La grève « a pour objet d’exercer une pression sur l’employeur afin de faire aboutir une revendication. Lors des grèves des transports, la pression s’exerce sur les voyageurs, victimes collatérales de revendications qu’ils n’ont aucun moyen de satisfaire », annonce d’emblée un communiqué des Entreprises du Voyage (EDV).

Le trafic SNCF est paralysé par 35% de cheminots grévistes. « Ils entendent protéger un statut d’un autre siècle. La retraite entre 52 et 57 ans, par exemple, date de l’époque des machines à vapeur et des escarbilles, il y a quatre vingts ans, l’espérance de vie était alors inférieure de 20 ans à celle de 2018 », poursuit le communiqué.

 

« Les grévistes d’Air France ont perdu le sens des réalités ». Même si elle s’est améliorée en 2017 sous l’effet du bas prix du carburant, la situation économique de la compagnie demeure en retrait sensible par rapport à ses concurrents européens (Lufthansa et British Airways), et à ceux du golfe persique comme aux low cost. « Les exigences des pilotes sont totalement irréalistes pour une compagnie qui doit améliorer sa productivité ».

Pour EDV, les grévistes pénalisent à long terme Air France : la concurrence est très ouverte, les offres sont nombreuses et non dépourvues de qualité. Ce « conflit long se traduira par une désaffection des clients de la compagnie ». EDV appelle, donc, les personnels à la raison. « En allant dans le mur, ils entraînent avec eux une entreprise en cours de redressement ».

 

Quatre types de répercussions

 

EDV estime que les répercussions de ces mouvements sont de quatre types. A commencer par le surcroît de travail auquel doivent faire face les agences de voyages pour réorganiser les déplacements de leurs clients, estimé à 500 000 euros par jour de grève.

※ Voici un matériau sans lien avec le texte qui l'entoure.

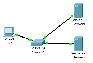 Задайте параметры протокола TCP/IP на ПК1 и серверах.
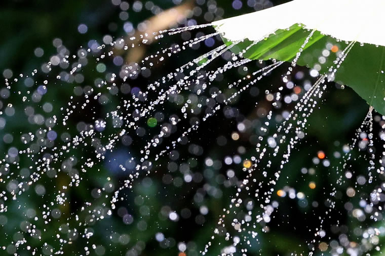 蓮の葉の周辺を切り取って、茎をホースにつなぐと、蓮の葉脈の水路でシャワーとなって水滴が飛び出します。

Quotidiennement, en France, 45 000 trajets Air France et 55 000 billets SNCF (essentiellement TGV et grandes lignes) résultent d’émissions effectuées par les agences. 



 

EDV pointe les conséquences liées à l’impossibilité d’utiliser des prestations déjà payées qui peuvent être très élevées : impossibilité de rejoindre le port de départ pour une croisière, circuit au Japon irréalisable en raison de l’annulation du vol Air France Paris-Tokyo, annulation d’un voyage scolaire en train... Ces frais feront l’objet d’une analyse, mais sont d’ores et déjà estimés à plus d’un million d’euros pour la première semaine d’avril. 



 

S’ajoute la baisse des prises de commandes pendant les périodes de grève, de l’ordre de 20% par rapport à la même période de 2017. Même si une partie des vacances d’été se rattrapera, les ponts de mai pour lesquels la décision de vacances est assez tardive ne se rattraperont que très partiellement. 



 

Enfin, l’attractivité touristique et économique de la France est fortement altérée : les images des cohues dans les gares sont reprises en boucle dans le monde entier par les médias. C’est en avril et mai que l’on organise ses vacances d’été, et les arbitrages de voyages s’effectueront au profit de destinations jugées plus sereines que la France. « Ce retard ne se rattrapera pas et ralentira les bonnes performances de la destination », conclut les Entreprises du Voyage.